When you reach the line with "- Q: What is" in the records below, begin transcribing exactly and continue up to and including the line with "Австралии и России.", leaving out every picture.

* DATA TO PROCESS *
□ □ □ □

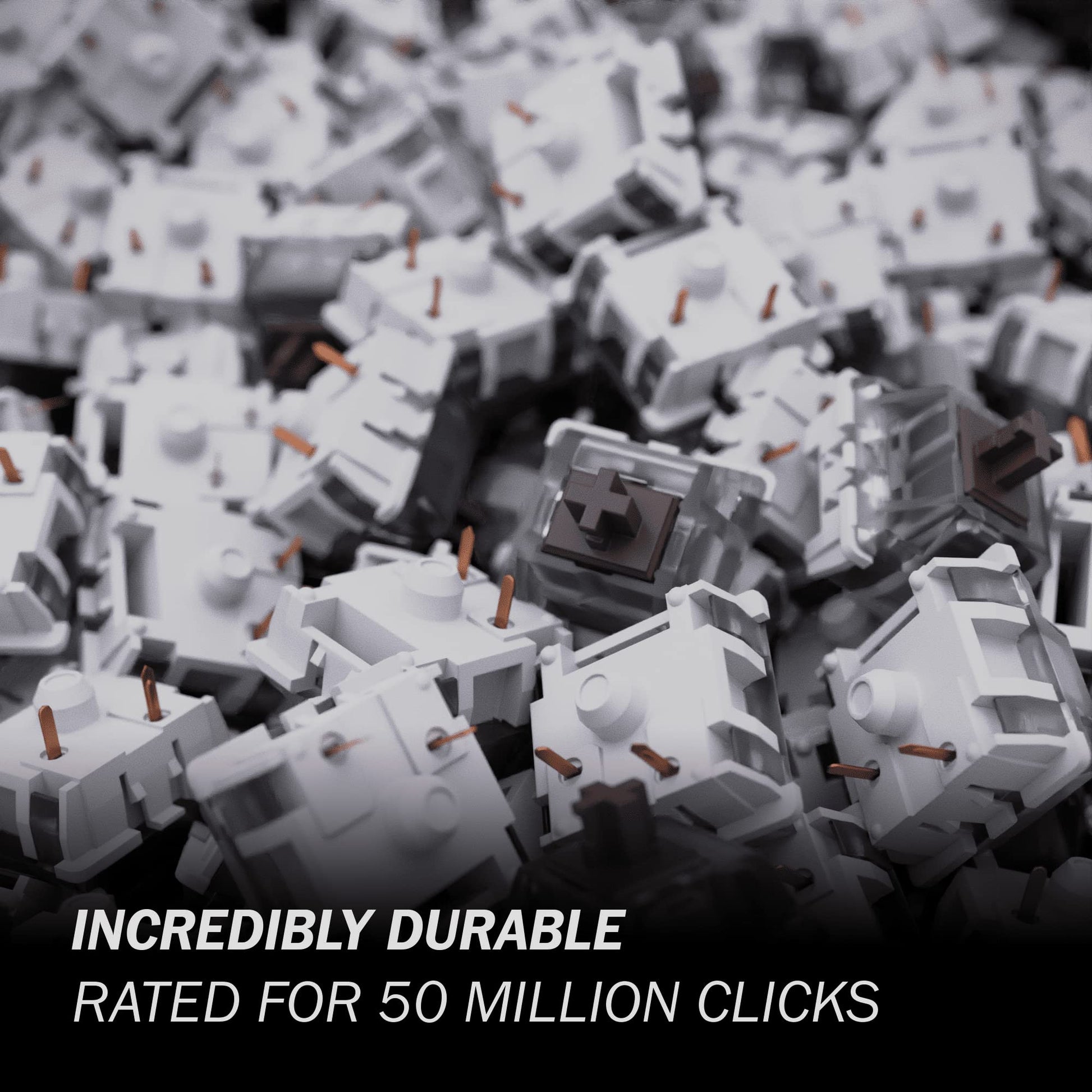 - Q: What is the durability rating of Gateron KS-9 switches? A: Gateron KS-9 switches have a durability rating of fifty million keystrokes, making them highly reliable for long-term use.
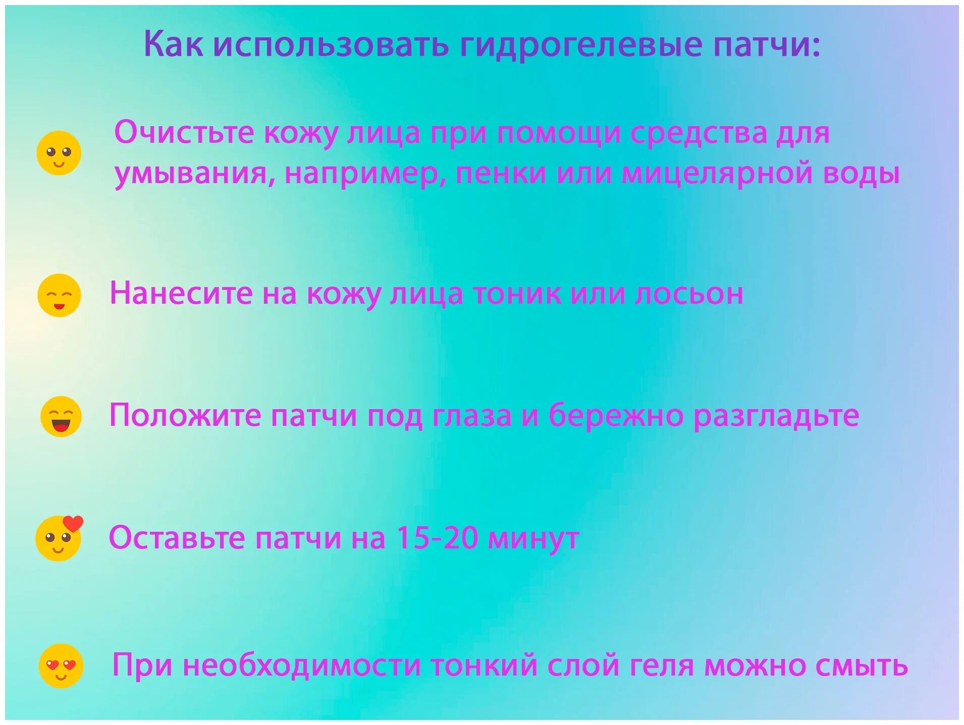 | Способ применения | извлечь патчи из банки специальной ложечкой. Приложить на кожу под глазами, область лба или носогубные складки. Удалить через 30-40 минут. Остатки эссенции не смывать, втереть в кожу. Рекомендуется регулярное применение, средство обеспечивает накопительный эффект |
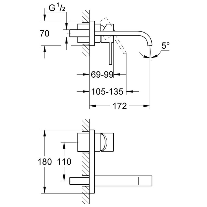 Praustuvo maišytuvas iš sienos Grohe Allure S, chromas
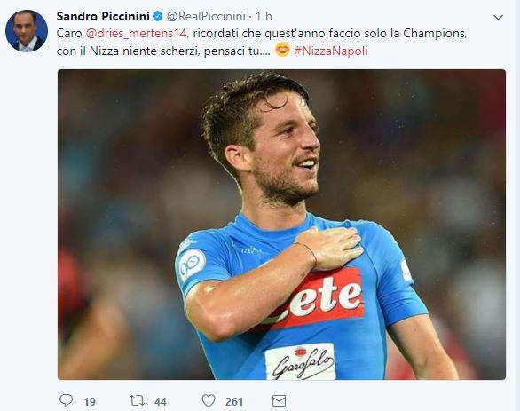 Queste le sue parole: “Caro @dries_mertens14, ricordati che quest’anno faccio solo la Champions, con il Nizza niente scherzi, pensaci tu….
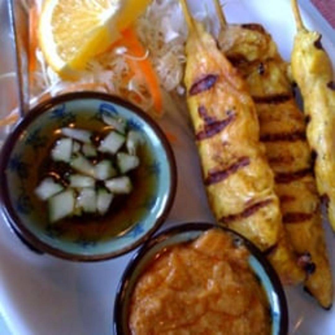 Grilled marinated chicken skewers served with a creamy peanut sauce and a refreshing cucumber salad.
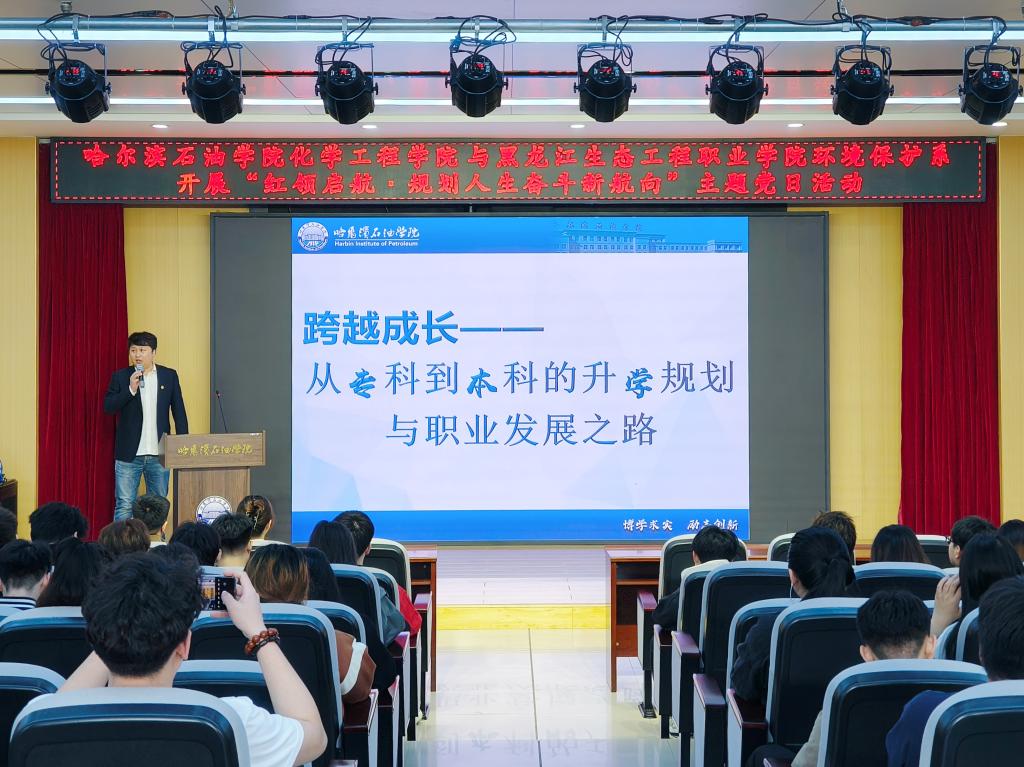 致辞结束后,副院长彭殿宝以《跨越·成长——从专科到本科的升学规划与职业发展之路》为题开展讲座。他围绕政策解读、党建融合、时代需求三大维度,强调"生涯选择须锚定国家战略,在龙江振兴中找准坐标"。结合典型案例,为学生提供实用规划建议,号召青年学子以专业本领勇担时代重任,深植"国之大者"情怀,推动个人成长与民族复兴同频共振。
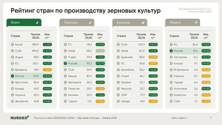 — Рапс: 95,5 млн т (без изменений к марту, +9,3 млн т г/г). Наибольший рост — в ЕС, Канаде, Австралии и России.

□ □ □ □

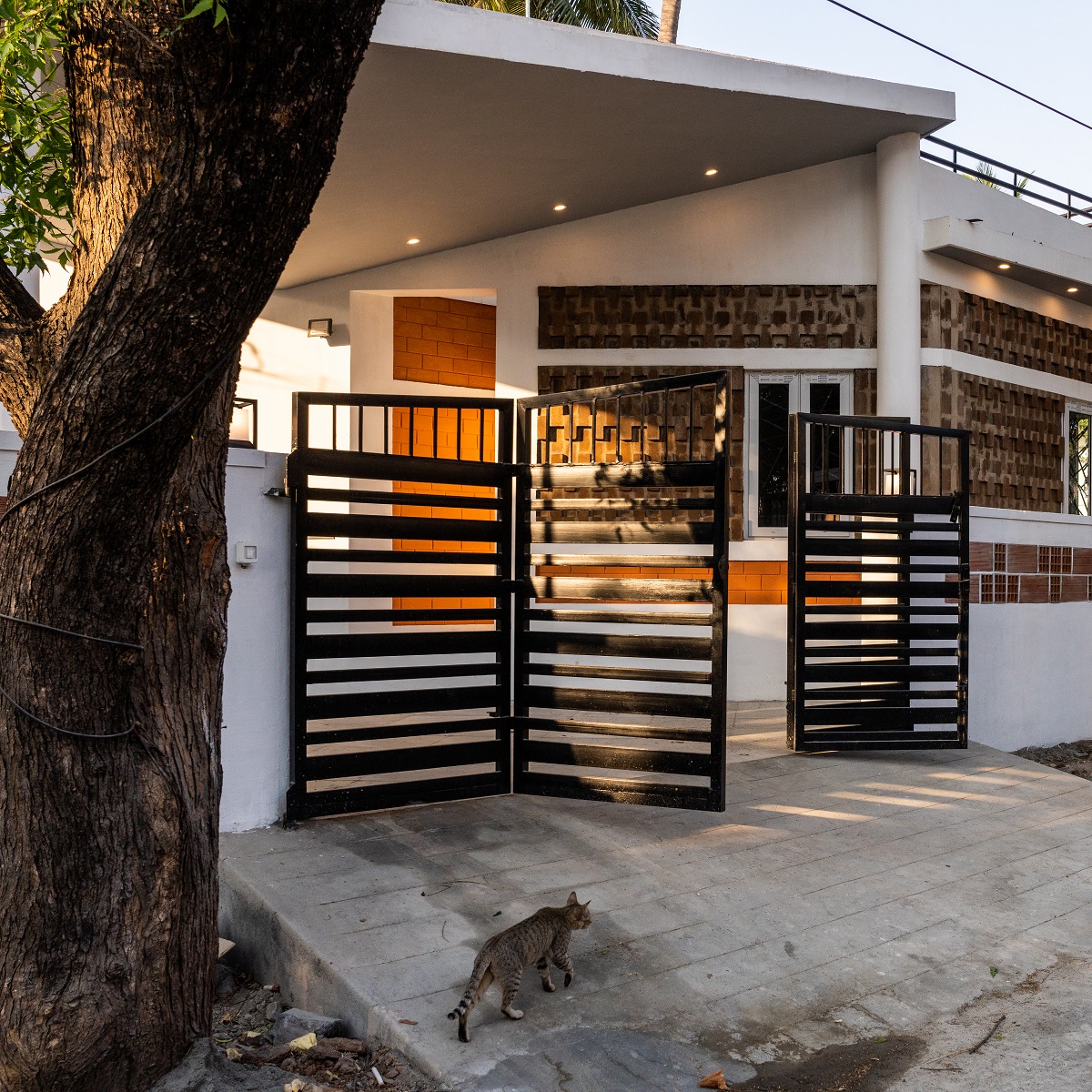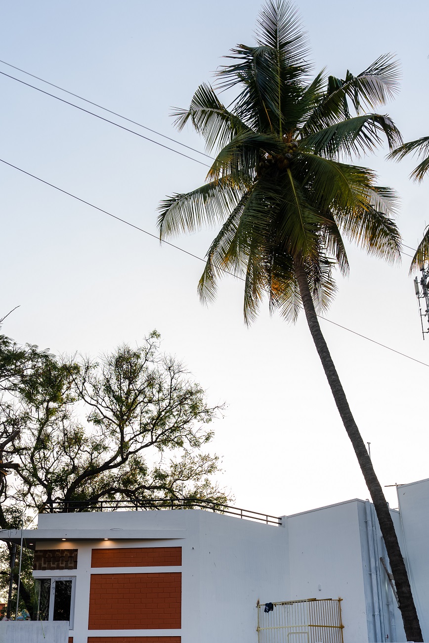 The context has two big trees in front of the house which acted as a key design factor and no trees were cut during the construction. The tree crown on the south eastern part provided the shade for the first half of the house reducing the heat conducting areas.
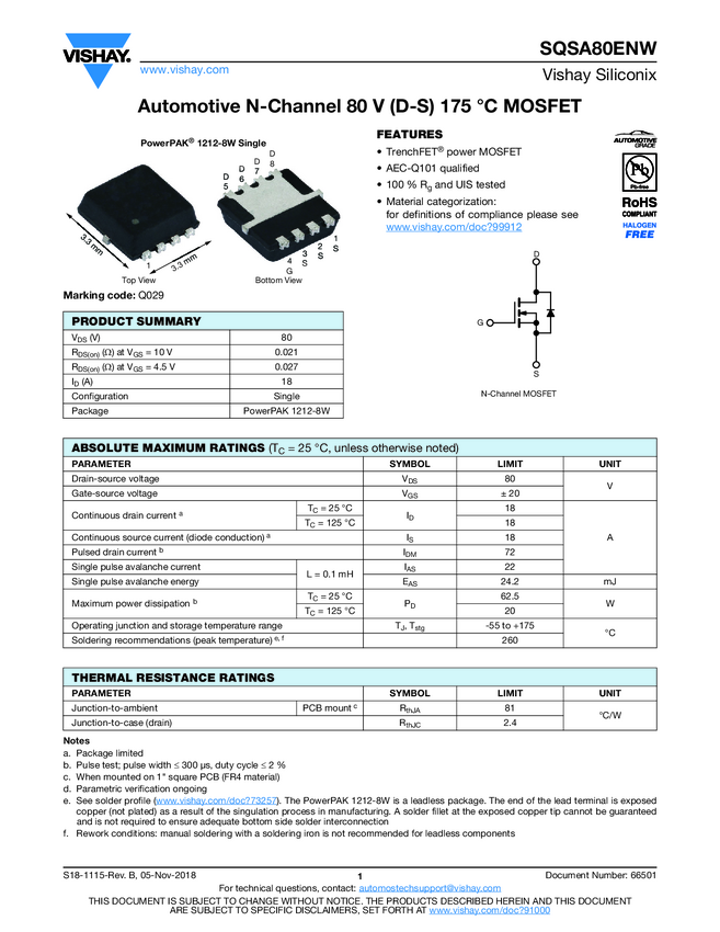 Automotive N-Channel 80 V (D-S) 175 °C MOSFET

□ □ □ □

* EXERCISE RESPONSE *
 - Q: What is the durability rating of Gateron KS-9 switches? A: Gateron KS-9 switches have a durability rating of fifty million keystrokes, making them highly reliable for long-term use.
 | Способ применения | извлечь патчи из банки специальной ложечкой. Приложить на кожу под глазами, область лба или носогубные складки. Удалить через 30-40 минут. Остатки эссенции не смывать, втереть в кожу. Рекомендуется регулярное применение, средство обеспечивает накопительный эффект |
 Praustuvo maišytuvas iš sienos Grohe Allure S, chromas
 Queste le sue parole: “Caro @dries_mertens14, ricordati che quest’anno faccio solo la Champions, con il Nizza niente scherzi, pensaci tu….
 Grilled marinated chicken skewers served with a creamy peanut sauce and a refreshing cucumber salad.
 致辞结束后,副院长彭殿宝以《跨越·成长——从专科到本科的升学规划与职业发展之路》为题开展讲座。他围绕政策解读、党建融合、时代需求三大维度,强调"生涯选择须锚定国家战略,在龙江振兴中找准坐标"。结合典型案例,为学生提供实用规划建议,号召青年学子以专业本领勇担时代重任,深植"国之大者"情怀,推动个人成长与民族复兴同频共振。
 — Рапс: 95,5 млн т (без изменений к марту, +9,3 млн т г/г). Наибольший рост — в ЕС, Канаде, Австралии и России.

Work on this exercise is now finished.